FuRA: Full-Rank Adaptation of LLMs via Lossless Block Tensor-Train Factorization

This repository contains the reference implementation for FuRA, the parameter-efficient fine-tuning method introduced in our submission. It provides everything needed to reproduce the four main empirical tracks of the paper:

Commonsense reasoning SFT (Llama-3-8B).
Math reasoning RL (GRPO on Qwen3-1.7B).
Visual instruction tuning (LLaVA-v1.5-7B).
QFuRA — quantized FuRA for commonsense reasoning.

1. What is FuRA?

LoRA-style adapters write the update as a low-rank product BA. They are parameter efficient, but they constrain the update to lie inside a low-rank subspace — a constraint that limits expressivity and forces practitioners to guess at a rank. Full fine-tuning, on the other hand, has full flexibility but no inductive bias toward the pre-trained feature space, and on small / noisy fine-tuning sets it tends to over-fit.

FuRA reparameterizes each weight matrix W ∈ R^{m×n} with a lossless block tensor-train factorization: W = L · S · R, where L, R are blocks of an orthogonal Kronecker-structured factorization initialized from the SVD of W, and S carries the singular values. We freeze the larger core (so the on-device parameter count stays comparable to LoRA at rank ≈ 64), and train only the smaller core together with S.

This gives us two simultaneous wins:

Full-rank update — there is no rank cap; the effective update can change every singular direction.
Spectral regularization — because the update is parameterized through the pre-trained subspace, gradient steps are pre-conditioned by the pre-trained spectrum, which provides a strong inductive bias toward the directions that matter and damps drift in irrelevant directions.

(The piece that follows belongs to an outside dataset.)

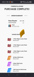 На бирже PlayNTrade Вы легко и быстро можете купить pass Royale Clash Royale от 648 руб. Это недорого и безопасно, ведь все сделки на PlayNTrade проходят между игроками напрямую (под пристальным вниманием службы поддержки) или через гарантов. Число позиций в продаже на этой странице сейчас — 298 шт. Недавно добавленные товары стоят в списке выше остальных. Используйте фильтры и поиск по описанию, чтобы найти подходящий вариант. Обращайте внимание на отзывы и рейтинг продавца.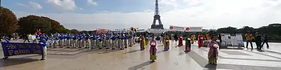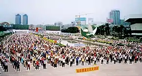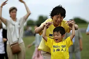 Le Falun Gong (chinois simplifié : 法轮功 ; chinois traditionnel : 法輪功 ; litt. « pratique de la roue de la loi »[1]), dont le nom officiel est Falun Dafa (法轮大法 / 法輪大法, [2]), est un mouvement spirituel inspiré du qigong, créé par Li Hongzhi. Son enseignement combine la pratique de la méditation, avec des exercices aux mouvements lents et souples, ainsi que le travail sur soi à travers ce qu'il appelle les trois principes fondamentaux : l'authenticité, la bonté et la tolérance. En dépit du fait que les universitaires occidentaux le considèrent comme un nouveau mouvement religieux (NRM), les adeptes refusent catégoriquement cette classification[3],[4].

The default configuration is rank=full, decomp_mode=output_one_block, train_position=small, s_merged_to=keep_trainable. These defaults appear in the launch scripts and are the configuration evaluated in the paper.

2. Repository layout

FuRA/
├── fura/                    # The shared FuRA layer implementations.
│   ├── btt_layer.py         #   BTTLayer + Linear→BTT conversion + QBTT (NF4)
│   ├── svd_layer.py         #   SVDLayer (full-rank SVD reparameterization)
│   └── math_utils.py        #   Math RL reward helpers
├── commonsense/             # Track 1: LIFT-style commonsense SFT (Llama-3-8B)
├── rl/                      # Track 2: GRPO RL on math (Qwen3-1.7B)
├── vlm/                     # Track 3: LLaVA-v1.5 visual instruction tuning
├── qfura_commonsense/       # Track 4: QFuRA commonsense (NF4-quantized FuRA)
│   └── qdora_baseline/      #   QDoRA baseline (separate environment)
├── pyproject.toml           # Shared env for tracks 1, 2, 4
└── README.md

All four tracks share fura/ as the source of truth for the BlockTT and SVD adapters; each track only adds the trainer / data-loader / launcher glue specific to its setting.

3. User-population directories (TODO before running)

The repository ships without large datasets or pretrained weights. Each of the directories listed below contains a TODO_POPULATE.md marker. Before you run any reproduction script, fetch the corresponding artifact from its public source and drop it into the indicated path.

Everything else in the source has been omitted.